§ **RECORDED DATA**:
+-------+
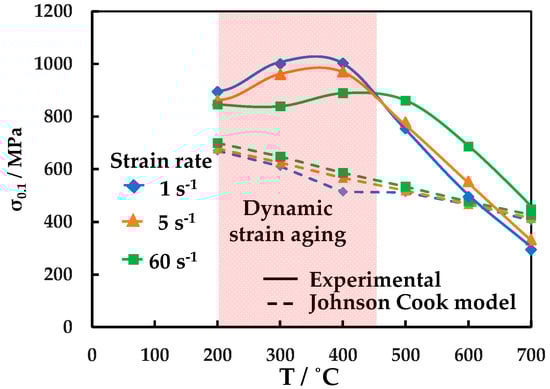 - Two temperature zones were identified with different flow behavior where the flow stress increased with temperature in the temperature zone (200–400 °C) and the flow stress decreased with temperature in the temperature zone (500–700 °C).
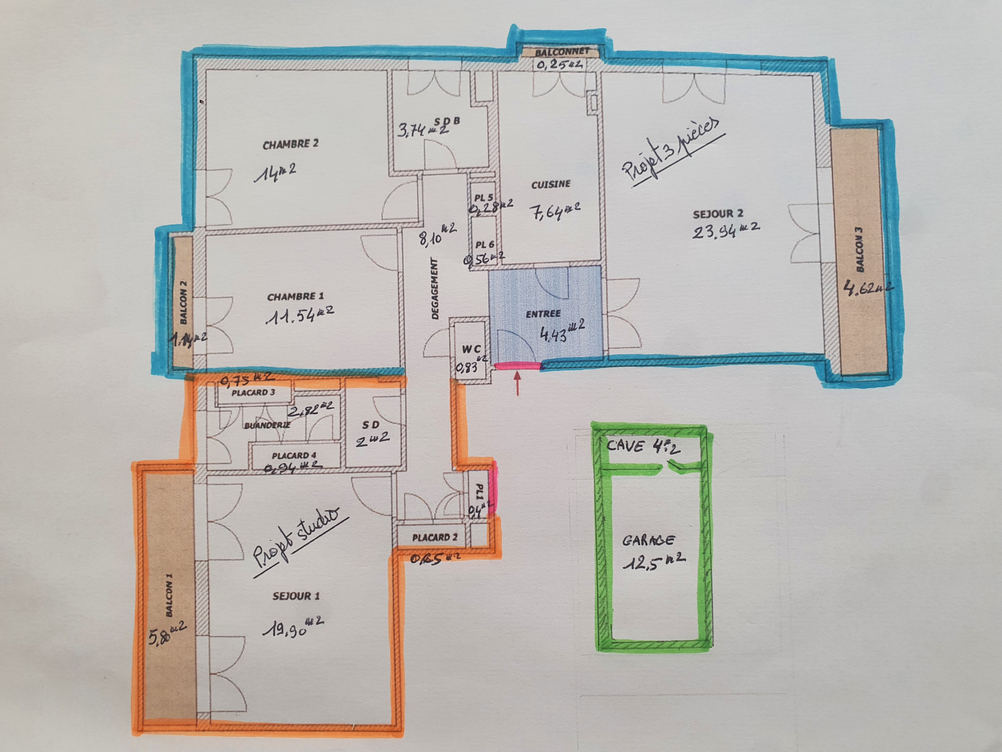 Possibilité d'aménagement : L'appartement, composé de deux lots réunis, peut facilement être transformé en 3 pièces + studio. Des croquis sont disponibles pour visualiser ce projet.
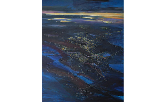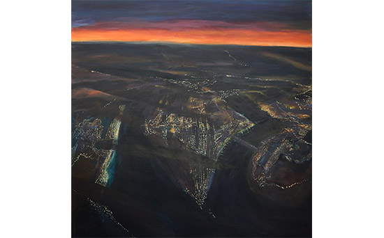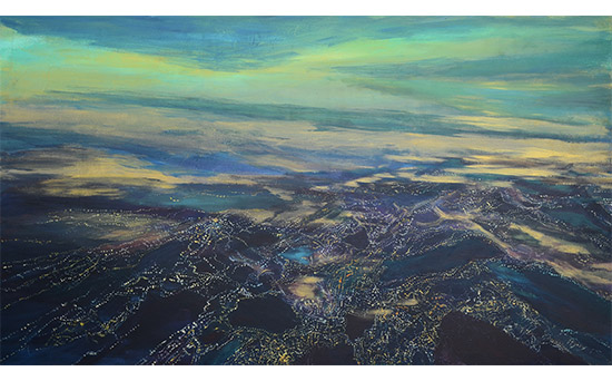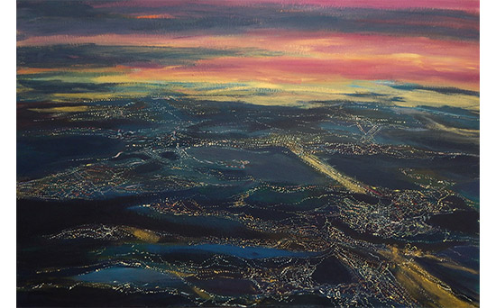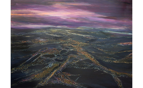 Podrían ser imágenes de la superficie terrestre tomadas desde un avión, visiones que permiten la observación de grandes extensiones de terreno, estructuras, texturas y elementos como puentes, carreteras y ríos, de las que se utilizan para la realización de cartografías por su capacidad de revelar detalles no visibles desde el suelo. Se trata sin embargo de perspectivas ficcionales, territorios evocados construidos por la artista en continuidad narrativa. Refulgencias nocturnas desde la altura en la que imaginariamente se ubica: a diez mil pies.
+-------+
§ **PROBLEM TO SOLVE**:
Output exactly the span of lines from the top of the listing through the line holding "Possibilité d'aménagement : L'appartement, composé", and leave every picture out.

§ **EXERCISE OUTPUT**:
 - Two temperature zones were identified with different flow behavior where the flow stress increased with temperature in the temperature zone (200–400 °C) and the flow stress decreased with temperature in the temperature zone (500–700 °C).
 Possibilité d'aménagement : L'appartement, composé de deux lots réunis, peut facilement être transformé en 3 pièces + studio. Des croquis sont disponibles pour visualiser ce projet.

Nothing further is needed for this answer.